Around lonely campfires in the desert, in dark corners of bars and in the safety behind locked doors are whispered stories of the Yellow Man. Some claim it is a harbringer of destruction, others an avenger of those wronged or betrayed, and some belive it to be a guardian angel of criminals. Little is known about this mysterious being, but much is told and retold, and many people come out of desperate and life-threatening situations with a story of the Yellow Man. The subject most disagreed upon is whether he is kind or evil, but if an accurate account of his dealings could be found, it would be clear that he grants exactly as much sorrow to his followers as happiness.

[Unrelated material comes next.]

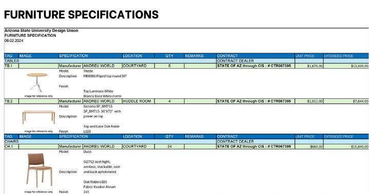 - Organizing existing furniture inventory - FF+E spreadsheets for each floor.

The legend has been under investigation by several religious organizations, but none has found anything more than rumours and whispers, as it is hard to separate the truth from mad ramblings and horror stories exaggerated from nothing. Many people believe him to be a myth, but he has gained a small following in the underbelly of society. From lepers on their deathbed, to vigilantes hunting the murderers of ther loved ones, anyone bitter or desperate enough may call on the blessing of the Yellow Man when they have nowhere else to turn, and nothing more to lose.

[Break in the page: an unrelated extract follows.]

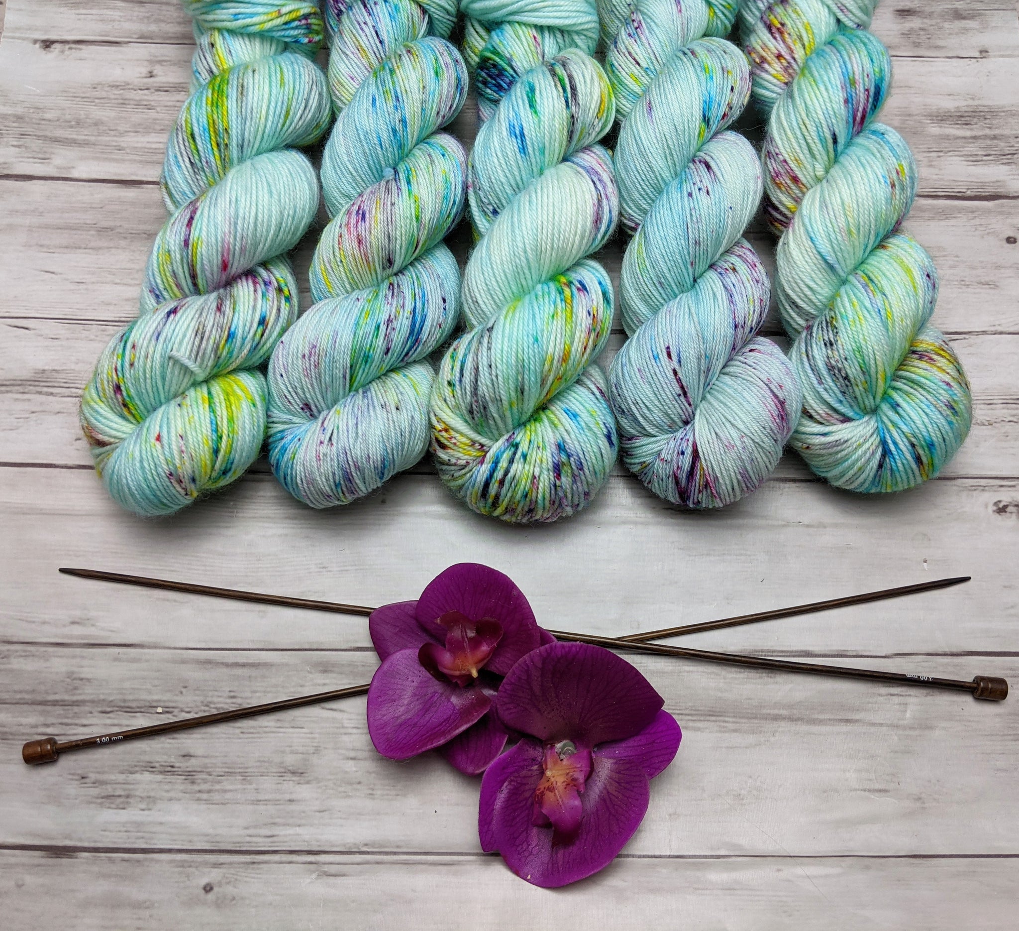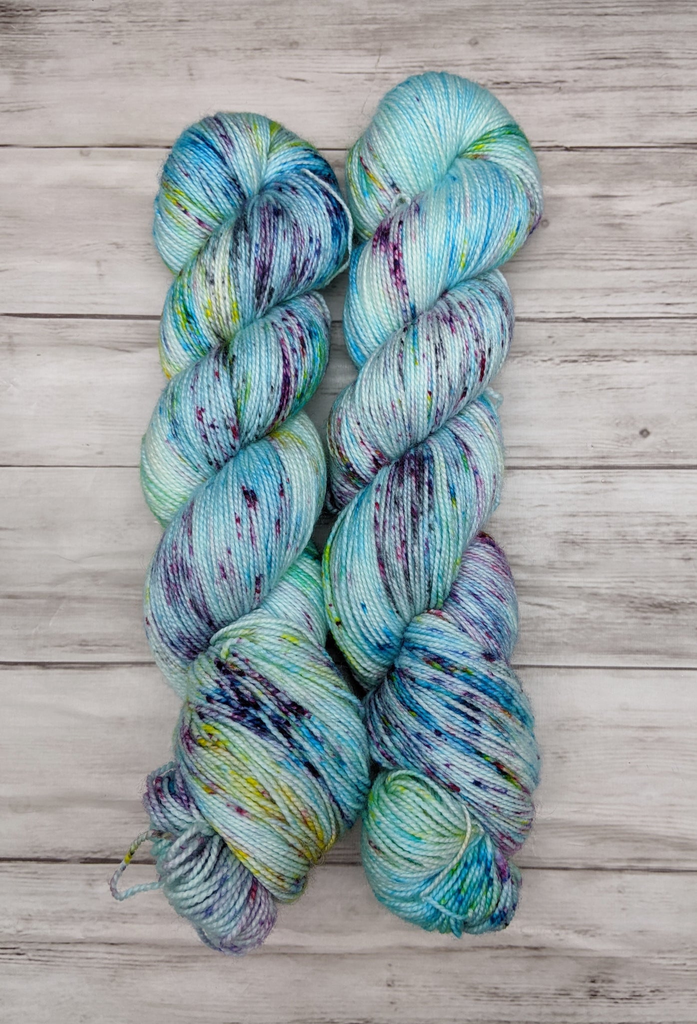 This yarn shows a little attitude! A soft aqua background gets a fresh infusion of lively speckles in yellow, pink, purple, and turquoise. Sure to turn heads and make an impression, this sassy colorway is a perfect choice for a variety of projects!

A few commonly held beliefs about the Yellow Man.

  • His blessings and gifts often come at a price. Being saved by the Yellow Man is usually followed by some other tragedy.
  • Pleasing him can protect against disease, and angering him can cause it. Stories disagree on what constitutes pleasing or displeasing the Yellow Man.
  • When you call on the Yellow Man, he answers with fire. He can grants blessings by letting his followers miraculously survive fires, and kills their enemies by burning their homes while they sleep.

Stories tied to the legend of the Yellow Man.

  • During a great plague, a group of victims holed themselves up in a basement. The disease ravaged their bodies, but never killed them despite the high death tolls among the population. They claimed to have tried pleading with several divine powers and saints, and including some they didn’t truly believe in or wouldn’t otherwise approve of worshipping. In the following years, they all had children who died of pox.
  • A former vizier of the great potentate once lost all of his estates and his family in fires. Several of his subjects had earlier complained about unbearable taxes and working conditions, but their voices had fallen on deaf ears. They were rounded up and interrogated, and while they confessed to having enacted rituals to curse the vizier, none could be proven to have anything to do with the fires. The suspects were all executed.
  • During another great fire many years ago, a mother claimed her child had been trapped within their burning home. When the father dropped down on his knees and prayed for their son, a man with glistening yellow skin had appeared out of the flames and smoke carrying the child. She said he handed her the boy, picked up her husband despite his best efforts, and carried him into the fire. She never saw her husband or the man again.